Directions for this task | Nothing but an exact repeat of the data, with pictures removed, belongs in the answer.

Dataset content |
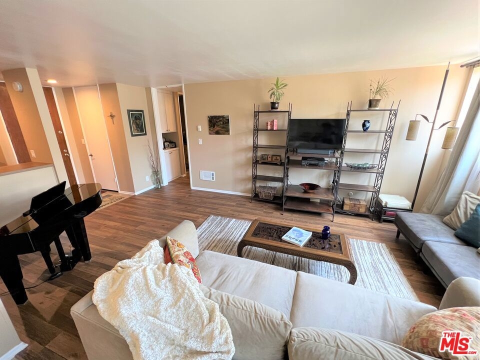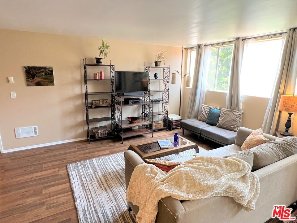 This value-priced corner end unit in the popular Pines complex features no shared walls and peaceful interior courtyard views from every room. Upon entry, take in the delightful living space featuring new wood laminate flooring and large picture windows in the living room, galley kitchen with maple cabinets and quartz countertops, and dining area that open to a charming balcony. Down the hallway are two comfortable bedroom with generous closets, 3/4 guest bathroom, and private primary suite with new quartz vanity, walk-in closet, and window AC unit. Additional highlights include smooth ceilings, close proximity to the elevator, and gated tandem parking (space #155). Complex offers lush grounds, inviting outdoor pool, fitness center, saunas, and clubhouse with game room and package lockers. Nearby is Fox Hills Park, Westfield Mall, Trader Joe's, Sprouts, Starbucks, Culver City Creative (C3), and many more shopping, dining, and entertainment destinations. A fantastic buy in Culver City!
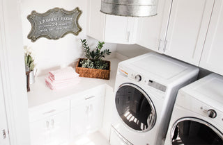 Charming Farmhouse Design: Classic typography and weathered finish bring timeless farmhouse flair to your laundry space.
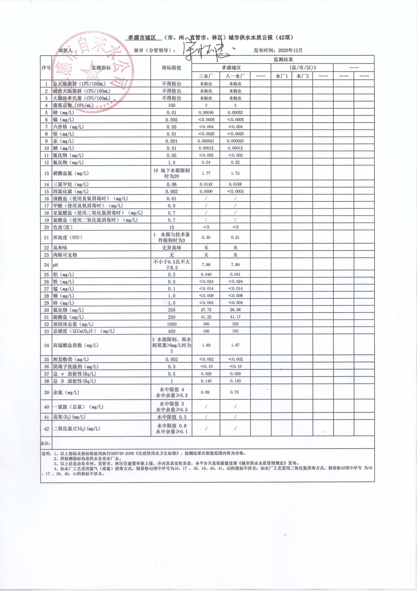 2020年12月水質(zhì)報(bào)告

Solution to this task |
 This value-priced corner end unit in the popular Pines complex features no shared walls and peaceful interior courtyard views from every room. Upon entry, take in the delightful living space featuring new wood laminate flooring and large picture windows in the living room, galley kitchen with maple cabinets and quartz countertops, and dining area that open to a charming balcony. Down the hallway are two comfortable bedroom with generous closets, 3/4 guest bathroom, and private primary suite with new quartz vanity, walk-in closet, and window AC unit. Additional highlights include smooth ceilings, close proximity to the elevator, and gated tandem parking (space #155). Complex offers lush grounds, inviting outdoor pool, fitness center, saunas, and clubhouse with game room and package lockers. Nearby is Fox Hills Park, Westfield Mall, Trader Joe's, Sprouts, Starbucks, Culver City Creative (C3), and many more shopping, dining, and entertainment destinations. A fantastic buy in Culver City!
 Charming Farmhouse Design: Classic typography and weathered finish bring timeless farmhouse flair to your laundry space.
 2020年12月水質(zhì)報(bào)告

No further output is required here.